— Здесь, в нашем маленьком собственном мире, гораздо лучше. Нас никто не тревожит, никто не пристает со своими трудностями и мелочными проблемами. Разве ты не любишь меня?
Я опустил глаза. Она сидела, прижавшись щекой к моим коленям, и смотрела на меня.
— Конечно, люблю, но я ничего не могу поделать со своими мыслями. Я люблю тебя, я обожаю тебя, я очень счастлив с тобой, но это еще не все. — Я усиленно пытался подобрать слова, чтобы объяснить ей, что я имею в виду. — Послушай, предположим, тебя лишат рисования. Как ты себя тогда будешь чувствовать?
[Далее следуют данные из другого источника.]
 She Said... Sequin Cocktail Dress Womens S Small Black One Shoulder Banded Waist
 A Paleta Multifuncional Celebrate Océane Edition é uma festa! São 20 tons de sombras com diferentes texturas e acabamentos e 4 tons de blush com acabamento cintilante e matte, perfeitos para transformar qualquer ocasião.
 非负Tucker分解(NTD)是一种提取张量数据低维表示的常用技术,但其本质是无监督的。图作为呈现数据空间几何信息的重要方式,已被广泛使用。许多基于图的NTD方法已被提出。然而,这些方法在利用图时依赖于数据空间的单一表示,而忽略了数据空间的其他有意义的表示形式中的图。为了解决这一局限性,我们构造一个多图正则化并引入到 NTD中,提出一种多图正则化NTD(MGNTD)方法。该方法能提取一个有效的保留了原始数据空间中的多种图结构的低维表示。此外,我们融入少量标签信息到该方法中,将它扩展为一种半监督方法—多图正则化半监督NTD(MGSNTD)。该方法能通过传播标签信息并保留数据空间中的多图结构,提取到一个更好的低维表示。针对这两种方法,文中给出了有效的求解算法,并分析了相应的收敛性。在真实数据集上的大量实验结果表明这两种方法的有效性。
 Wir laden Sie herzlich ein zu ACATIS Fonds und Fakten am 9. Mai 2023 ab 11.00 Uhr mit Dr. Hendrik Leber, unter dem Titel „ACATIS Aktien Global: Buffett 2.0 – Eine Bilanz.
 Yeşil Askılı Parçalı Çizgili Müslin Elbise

— Это совсем другое, — ответила Марианна. — Это искусство, требующее полной отдачи. И с этим поделать ничего нельзя. Это вовсе не работа.
— Да нет, это работа, — сказал я. — И если у тебя ее не будет, ты почувствуешь себя опустошенной. Возможно, то, чего я хочу, не искусство, как ты это называешь, но оно приносит мне такое же удовлетворение, какое приносит тебе твоя работа.
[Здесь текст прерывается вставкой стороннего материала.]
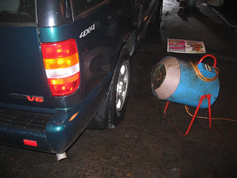 Первый – сушка днища и колёсных арок тепловыми «пушками». Одновременно с этим проводились подготовительные работы, которые включали в себя укрытие салона целлофаном от возможных брызг антикора, ковриков – газетами от неизбежной грязи и обеспечение доступа к скрытым полостям в салоне (проще говоря – очистка дренажных отверстий в нижней части дверей, демонтаж правого заднего блок-фонаря и снятие кожуха-шторки в левой задней части салона).

Марианна поднялась и посмотрела на меня сверху вниз. В голосе ее прозвучали уже знакомые мне нотки. Она не любила, чтобы с ней не соглашались.
— Я начинаю верить, что ты действительно беседовал с ним.
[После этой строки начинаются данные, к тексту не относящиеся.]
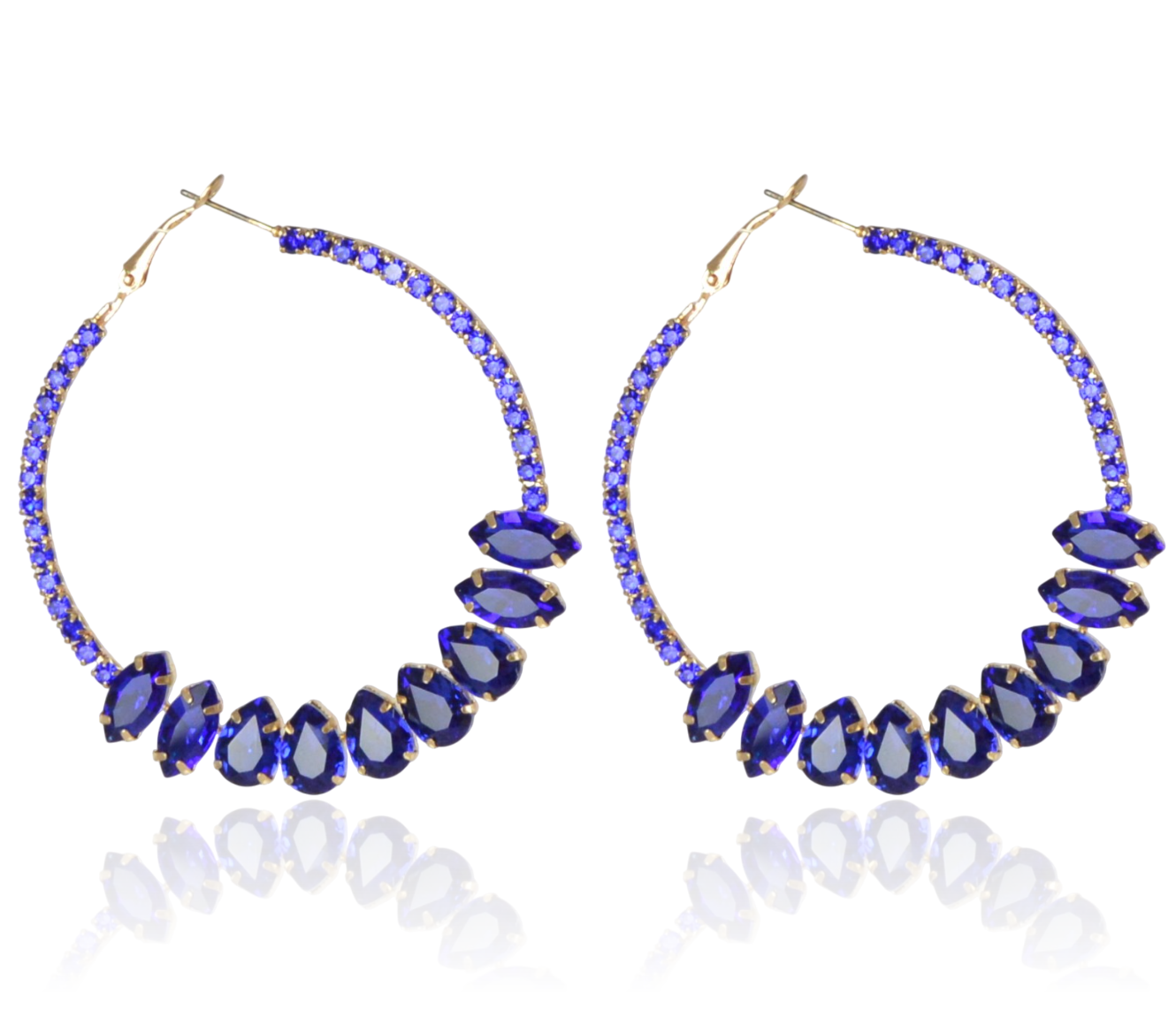Kolczyki koła zdobione po bokach kryształkami kobaltowe

Меня несколько удивило это замечание.
— Что ты имеешь в виду? — спросил я. — Он что, тоже говорил тебе об этом?
Марианна помедлила с ответом, размышляя.
— Да, — наконец промолвила она. — Много раз я умоляла его послушать меня, умоляла не разрушать наше счастье, но именно это он и сделал, что было ужасно глупо с его стороны. Ведь в конце концов у нас было все, чего мы хотели. Но ему этого было мало. И что же он в итоге получил в борьбе за свои идеалы? А теперь и ты хочешь поступить так же, хочешь разрушить наше счастье. — Она села в кресло и заплакала.
Я подошел к ней и обнял.
— Не плачь, сладкая моя. Я не собираюсь разрушать наше счастье, я просто снова хочу жить полной жизнью. Сейчас я представляю собой пустую оболочку без внутреннего содержания. Я чувствую себя таким никчемным, когда, гуляя по улицам, вижу людей, спешащих на работу и с работы. Я чувствую себя таким несостоятельным, проводя целые дни в кино и рассматривая экран, а не настоящую жизнь. Мне надо что-то делать, чем-то занять себя.
Марианна перестала плакать.
— Почему бы тебе тогда не заняться чем-нибудь дома? — предложила она. — Как это делал Джерро. Попробуй писать. Ты очень экспрессивный и хорошо выражаешь свои мысли. Почему бы тебе не взяться за перо?
При ее словах я не смог удержаться от хохота, это был абсурд. Я — писатель.
— Нет, — смеясь ответил я, — не думаю, что у меня получится. Очень любезно с твоей стороны так хорошо думать обо мне, но мне виднее. Из этого ничего не выйдет! Я начинаю искать работу.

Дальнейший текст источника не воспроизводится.